* **DATASET CONTENT**:
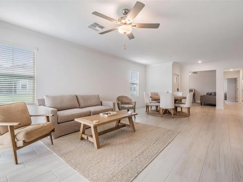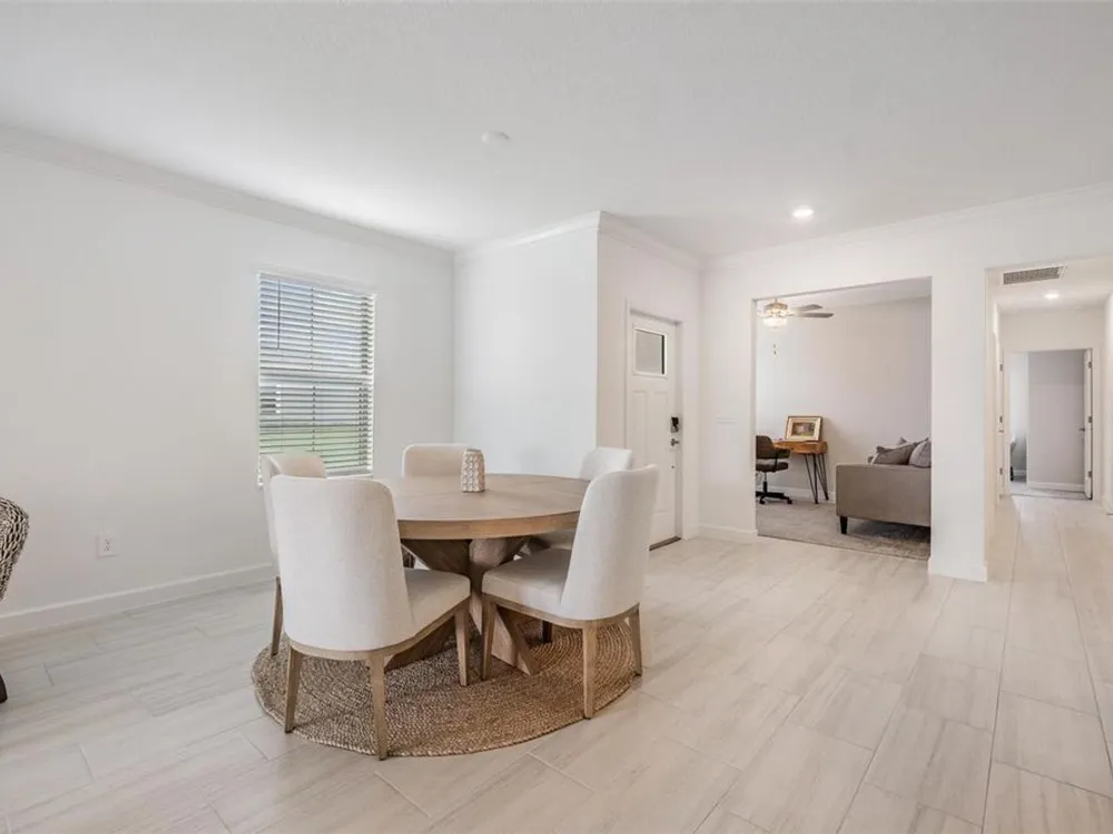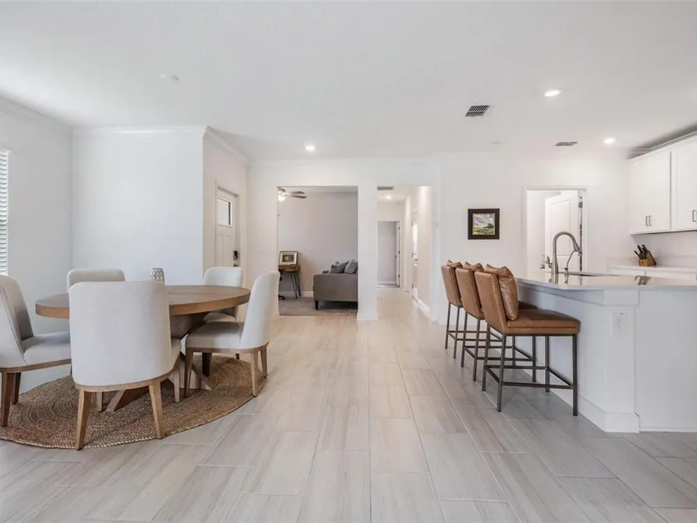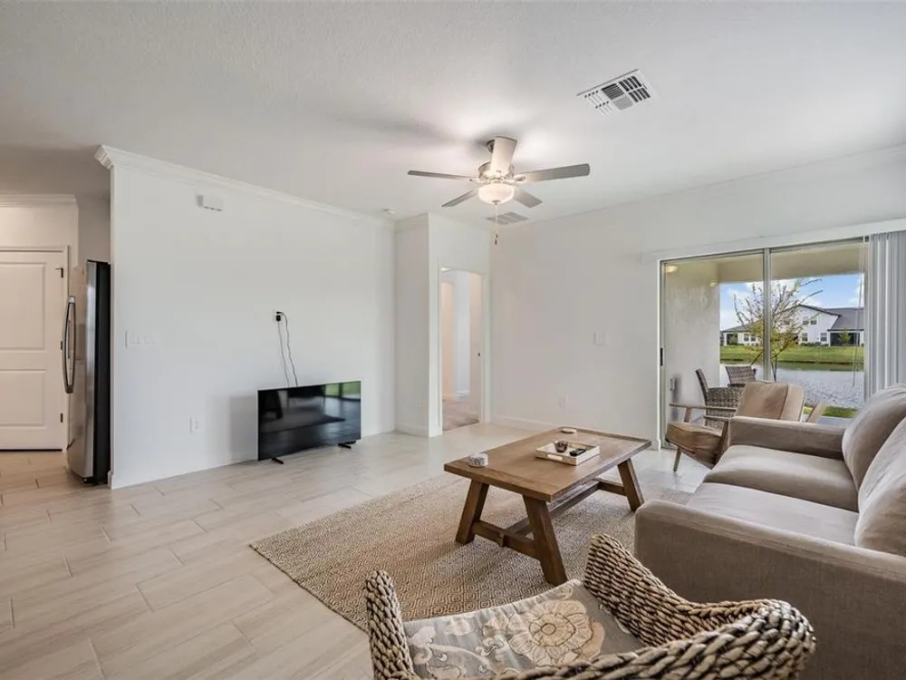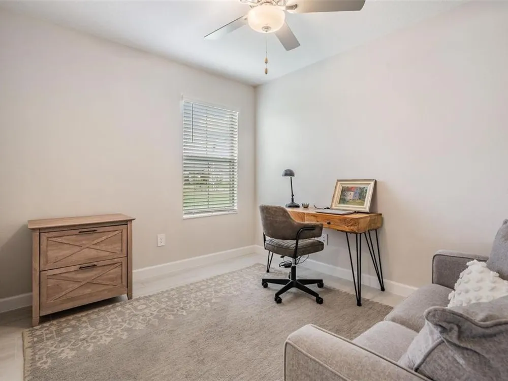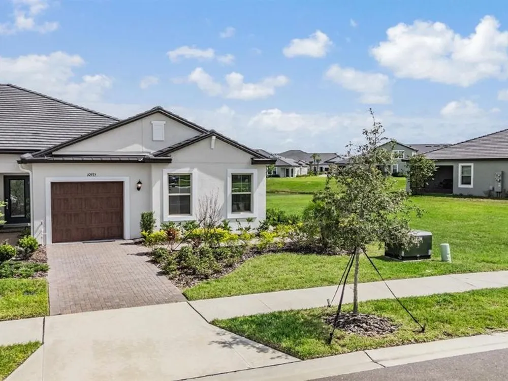 Location, Location, Location! Just steps away from the Clubhouse and Amenity Center! This pristine Pottery Barn inspired Villa with wonderful POND LOT in Medley Active Adult. For those better than 55 years young, presents an exceptional lifestyle just beyond the confines of your home. As a resident, you'll enjoy exclusive Clubhouse access with a full calendar of events daily! You will also enjoy a restaurant & bar, heated pool w/cabanas, ballroom, billiards room, card room, state of the art fitness center, pickleball & tennis courts, bocce ball, yoga, line dancing and private active adult events. PLUS included in your HOA is a 15-acre lagoon membership w/soft, sandy beaches including a swim-up bar, kayaking, paddleboarding, obstacle course, waterslides, corn hole games, and tons of community events! Be sure & invite friends or family to come along with you as you may gift them passes or pay a deeply discounted rate! This immaculate villa will please even the most selective buyers! Comprised of 2 spacious bedrooms, 2 Full Baths + an office/den, and 1 car garage. Your new home includes lots of upgrades including crown molding, quartz countertops throughout, plenty of lighting, stainless appliances and white cabinetry. Sliding glass doors lead to your Lania with a wonderful pond view and extra space between villas. Great spot to sit and relax and enjoy a cup of coffee or glass of wine! As you step inside, you'll be greeted by a seamless flow of open living spaces, making it ideal for both relaxation and entertaining. Get ready to make memories that will last a lifetime! Your dream home awaits; you will be enjoying the CAREFREE FLORIDA RESORT LIFESTYLE in your new home as quickly as you are able to move in! Gorgeous curb appeal on this block villa! Enjoy 42" Cabinets, and Walk-in Pantry in this gorgeous kitchen. Primary Suite includes ensuite bath, dual sinks, and Walk-in Closet to keep you organized, and ceiling fans to keep you cool. High-speed (ULTRAFI) internet, premium cable, yard maintenance & exterior painting and homeowners' insurance for structure are covered by HOA. The location of this residence is equally remarkable, situated in close proximity to premier shopping destinations, and an array of dining options, you'll find yourself immersed in a vibrant community that strikes a perfect balance between exclusivity and convenience. Ride your Golf Cart to the Clubhouse, Publix, restaurants, Farmers Market, Chick-fil-A, Banks, Starbucks, Nail Shops, and more! Close to Advent Health Hospitals, BayCare Hospital, Florida Medical Clinic, Wire Grass Mall, Tampa Premium Outlet Mall, Krate at the Grove, Sam's Club, Costco, Golf Courses & Movie Theater. Easy access to I75, 275, T
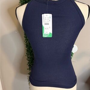Sleek navy ribbed tank with a fitted silhouette. Crew neckline and sleeveless cut for layering. Soft stretch fabric for comfortable wear. Casual essential that pairs with denim or skirts.
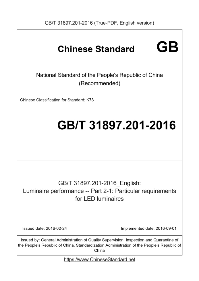 Delivery: <= 3 days. True-PDF full-copy in English will be manually translated and delivered via email. GB/T 31897.201-2016: Luminaire performance -- Part 2-1: Particular requirements for LED luminaires Status: Valid
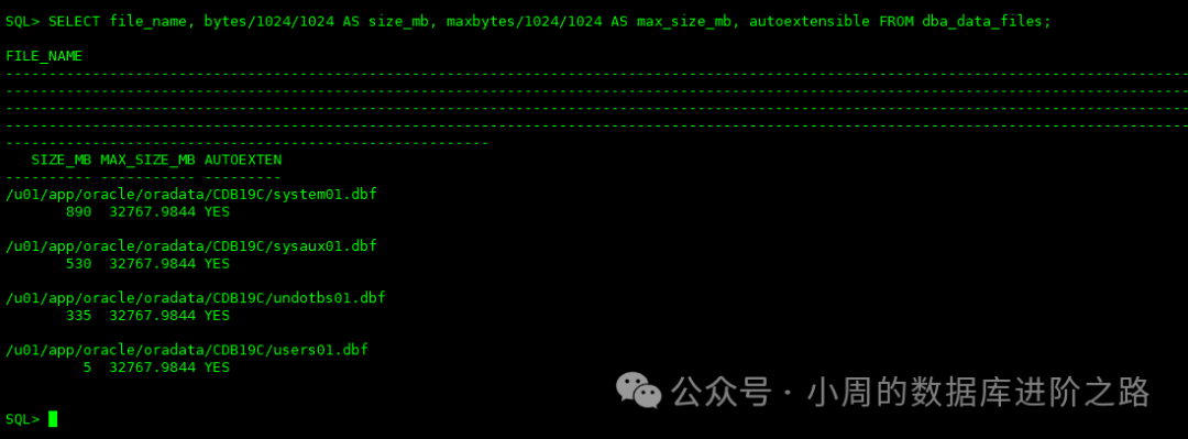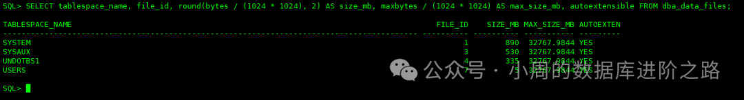 SQL> SELECT tablespace_name, file_id, round(bytes / (1024 * 1024), 2) AS size_mb, maxbytes / (1024 * 1024) AS max_size_mb, autoextensible FROM dba_data_files;
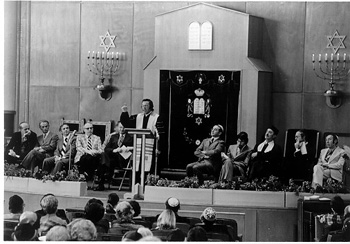 Gold attended numerous community meetings, attempting to stem the tide of "white flight." But he was unsuccessful. After seven years service in Philadelphia, he accepted a pulpit in 1964 at Temple Beth Sholom, in Las Vegas, Nev. At the time, it was the only synagogue in Las Vegas. Next: Gold in the west. |
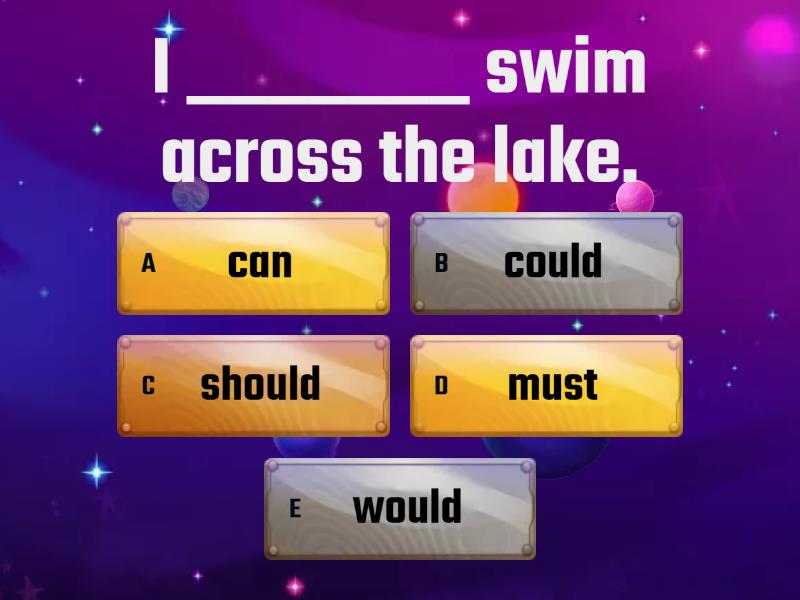 1) I _______ swim across the lake. a) can b) could c) should d) must e) would 2) When I was younger, I ________run much faster. a) can b) could c) should d) must e) would 3) We ________go to the park this weekend if the weather is nice. a) can b) could c) should d) must e) would 4) You ________ try the new restaurant; it’s excellent. a) can b) could c) should d) must e) would 5) ________you pass me the salt, please? a) can b) could c) should d) must e) would 6) ______you help me with this assignment? a) can b) could c) should d) must e) would 7) She ________ be really tired after working all day. a) can b) could c) should d) must e) would 8) We _________leave early to avoid the traffic. a) can b) could c) should d) must e) would 9) If I won the lottery, I _______buy a new house. a) can b) could c) should d) must e) would 10) You ________wear a helmet while riding a bike. a) can b) could c) should d) must e) would 11) ________ you like to join us for dinner? a) can b) could c) should d) must e) would 12) He ________ study harder if he wants to pass the exam. a) can b) could c) should d) must e) would 13) It ______ get very cold in the winter here. a) can b) could c) should d) must e) would 14) We _________ finish this project by tomorrow. a) can b) could c) should d) must e) would 15) _________ you mind helping me with these boxes? a) can b) could c) should d) must e) would
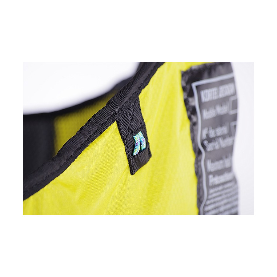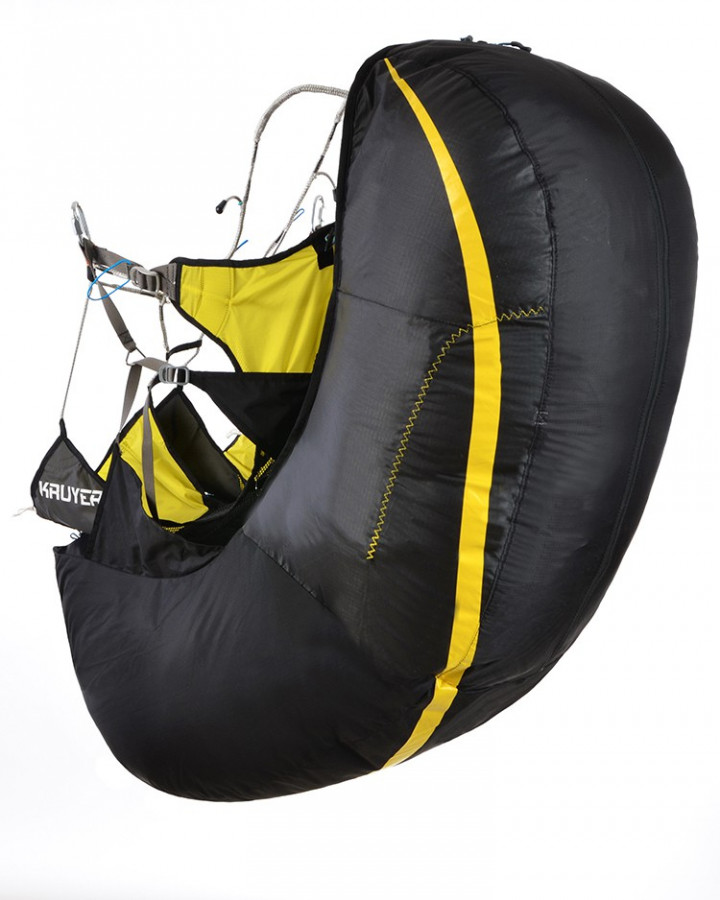 Le gain en poids a été obtenu grâce à l’utilisation de matériaux encore plus high-tech. La sangle Kevlar est remplacée par de la drisse dyneema plus légère à solidité égale, les mousses sont maintenant en EVA haute densité pour une meilleure tenue dans le temps. Le gain en confort a été obtenu en améliorant le soutien des cuisses, tout autant que par l’utilisation de cette mousse EVA. Les gabarits ont été également revu pour encore améliorer la prise en charge de la masse du pilote sans générer de point dur.
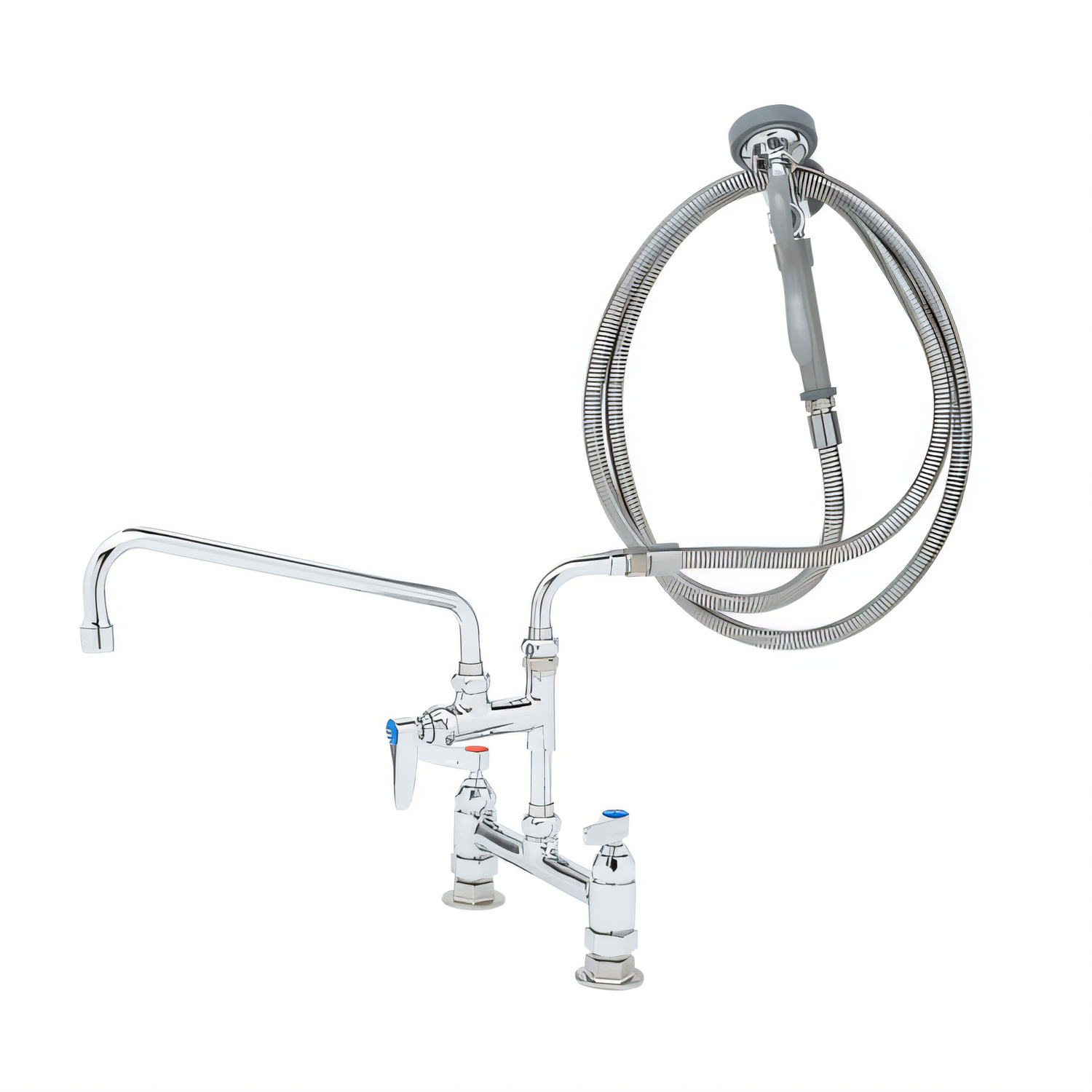 Pre-Rinse Unit, 8" deck mount base, add-on faucet with 12" swing nozzle, hose & angled spray valve, wall hook, quarter-turn Eterna cartridges, low lead

* **PROMPT**: Would you give the data above again word for word, minus the pictures?

* **TASK ANSWER**:
 Location, Location, Location! Just steps away from the Clubhouse and Amenity Center! This pristine Pottery Barn inspired Villa with wonderful POND LOT in Medley Active Adult. For those better than 55 years young, presents an exceptional lifestyle just beyond the confines of your home. As a resident, you'll enjoy exclusive Clubhouse access with a full calendar of events daily! You will also enjoy a restaurant & bar, heated pool w/cabanas, ballroom, billiards room, card room, state of the art fitness center, pickleball & tennis courts, bocce ball, yoga, line dancing and private active adult events. PLUS included in your HOA is a 15-acre lagoon membership w/soft, sandy beaches including a swim-up bar, kayaking, paddleboarding, obstacle course, waterslides, corn hole games, and tons of community events! Be sure & invite friends or family to come along with you as you may gift them passes or pay a deeply discounted rate! This immaculate villa will please even the most selective buyers! Comprised of 2 spacious bedrooms, 2 Full Baths + an office/den, and 1 car garage. Your new home includes lots of upgrades including crown molding, quartz countertops throughout, plenty of lighting, stainless appliances and white cabinetry. Sliding glass doors lead to your Lania with a wonderful pond view and extra space between villas. Great spot to sit and relax and enjoy a cup of coffee or glass of wine! As you step inside, you'll be greeted by a seamless flow of open living spaces, making it ideal for both relaxation and entertaining. Get ready to make memories that will last a lifetime! Your dream home awaits; you will be enjoying the CAREFREE FLORIDA RESORT LIFESTYLE in your new home as quickly as you are able to move in! Gorgeous curb appeal on this block villa! Enjoy 42" Cabinets, and Walk-in Pantry in this gorgeous kitchen. Primary Suite includes ensuite bath, dual sinks, and Walk-in Closet to keep you organized, and ceiling fans to keep you cool. High-speed (ULTRAFI) internet, premium cable, yard maintenance & exterior painting and homeowners' insurance for structure are covered by HOA. The location of this residence is equally remarkable, situated in close proximity to premier shopping destinations, and an array of dining options, you'll find yourself immersed in a vibrant community that strikes a perfect balance between exclusivity and convenience. Ride your Golf Cart to the Clubhouse, Publix, restaurants, Farmers Market, Chick-fil-A, Banks, Starbucks, Nail Shops, and more! Close to Advent Health Hospitals, BayCare Hospital, Florida Medical Clinic, Wire Grass Mall, Tampa Premium Outlet Mall, Krate at the Grove, Sam's Club, Costco, Golf Courses & Movie Theater. Easy access to I75, 275, T
Sleek navy ribbed tank with a fitted silhouette. Crew neckline and sleeveless cut for layering. Soft stretch fabric for comfortable wear. Casual essential that pairs with denim or skirts.
 Delivery: <= 3 days. True-PDF full-copy in English will be manually translated and delivered via email. GB/T 31897.201-2016: Luminaire performance -- Part 2-1: Particular requirements for LED luminaires Status: Valid
 SQL> SELECT tablespace_name, file_id, round(bytes / (1024 * 1024), 2) AS size_mb, maxbytes / (1024 * 1024) AS max_size_mb, autoextensible FROM dba_data_files;
 Gold attended numerous community meetings, attempting to stem the tide of "white flight." But he was unsuccessful. After seven years service in Philadelphia, he accepted a pulpit in 1964 at Temple Beth Sholom, in Las Vegas, Nev. At the time, it was the only synagogue in Las Vegas. Next: Gold in the west. |
 1) I _______ swim across the lake. a) can b) could c) should d) must e) would 2) When I was younger, I ________run much faster. a) can b) could c) should d) must e) would 3) We ________go to the park this weekend if the weather is nice. a) can b) could c) should d) must e) would 4) You ________ try the new restaurant; it’s excellent. a) can b) could c) should d) must e) would 5) ________you pass me the salt, please? a) can b) could c) should d) must e) would 6) ______you help me with this assignment? a) can b) could c) should d) must e) would 7) She ________ be really tired after working all day. a) can b) could c) should d) must e) would 8) We _________leave early to avoid the traffic. a) can b) could c) should d) must e) would 9) If I won the lottery, I _______buy a new house. a) can b) could c) should d) must e) would 10) You ________wear a helmet while riding a bike. a) can b) could c) should d) must e) would 11) ________ you like to join us for dinner? a) can b) could c) should d) must e) would 12) He ________ study harder if he wants to pass the exam. a) can b) could c) should d) must e) would 13) It ______ get very cold in the winter here. a) can b) could c) should d) must e) would 14) We _________ finish this project by tomorrow. a) can b) could c) should d) must e) would 15) _________ you mind helping me with these boxes? a) can b) could c) should d) must e) would
 Le gain en poids a été obtenu grâce à l’utilisation de matériaux encore plus high-tech. La sangle Kevlar est remplacée par de la drisse dyneema plus légère à solidité égale, les mousses sont maintenant en EVA haute densité pour une meilleure tenue dans le temps. Le gain en confort a été obtenu en améliorant le soutien des cuisses, tout autant que par l’utilisation de cette mousse EVA. Les gabarits ont été également revu pour encore améliorer la prise en charge de la masse du pilote sans générer de point dur.
 Pre-Rinse Unit, 8" deck mount base, add-on faucet with 12" swing nozzle, hose & angled spray valve, wall hook, quarter-turn Eterna cartridges, low lead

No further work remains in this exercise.